Wednesday, June 24, 2015

Kit review vol.23: Wickes Class Destroyer


Subject:
HMS Campbeltown Wickes Class Destroyer
Scale:
1/240
Manufacturer:
Revell
Price
US$ 35,00 + Shipping
Description
Injection molded in grey plastic. Water slide decals
Comments
This is one of those box scale kits from Revell. The molds are dated from 1962, older them me. The subject however is very interesting The Wickes class of destroyers was produced during the First World War for the U.S. Navy and, until the Second World War, these ships were the largest class of destroyers built by the Americans. Revell released this old kit several times. This is their latest re-edition, representing HMS Campbeltown. The box art however, witch is very nice by the way, depicts USS Buchanan DD-131. This is  not a big mistake, as DD-131 was transferred to the Royal Navy and renamed HMS Campbeltown. This ship would not be a great subject for modeling as most of it's service life was concentrated on convoy escort duty in the North Atlantic. However, in 1942, it was modified to look like a German destroyer and sailed to Saint Nazaire were in rammed the drydock doors that sealed the only facilities facing the Atlantic that could receive ships of the size of the Bismark Class Battleships.This would turn the Campbeltown into a great subject for modeling. However, this would also represent a major rebuilt of the kit. But you can use this kit to construct another important Wickes class destroyer: DD139 USS Ward.
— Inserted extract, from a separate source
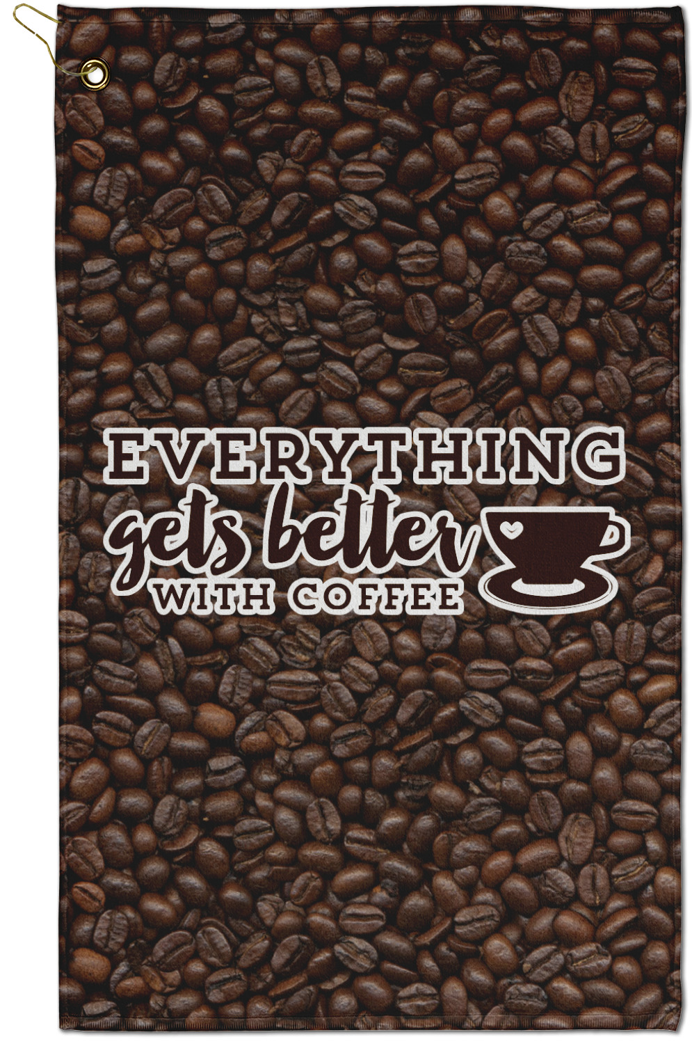 This design has a fun realistic picture of coffee beans for the background. On top of that is a fun quote saying that "everything gets better with coffee." The coordinating design has the words "coffee addict." There are also plenty of other coffee quotes to choose from in our design center.

The Ward was at station at Pearl Harbor, patrolling the waters near the entrance of the naval base on the morning of the Japanese attack. It sighted a Japanese midget submarine, fired its guns and released depth charges, destroying the enemy sub and then signaled to headquarters the presence of enemies near the harbor. This was one of several ignored signs of the incoming attack. Due to this action, USS Ward was the first American vessel in combat in the Pacific during World War two. It was sunk by enemy attack exactly three years latter, in December 7th 1944.
As for the kit, despite it's age, is a very nice model. There are lots of details and dry fit showed very little concern on the quality of the molds. The guns would need to be reworked and some of the other minor details would benefit from some scratch building. There are some after market items for the kit. Gold Medal has a photo-etched set for the Ward with railings, depth charges rails, guns extra details and more, that would be very useful for the construction. Artvox offers a wood deck set for this kit. It is, of course, of great quality. However, there is some debate on this subject. as many sources stated the the Wickes Class used metal decks, I got it anyway and will use it in my kit. It looks to good to be left out! The project is already on the way, so i will soon post some pictures of the USS Ward in a it's Measure 11 camouflage, as it looked on the morning of December 7th, 1941.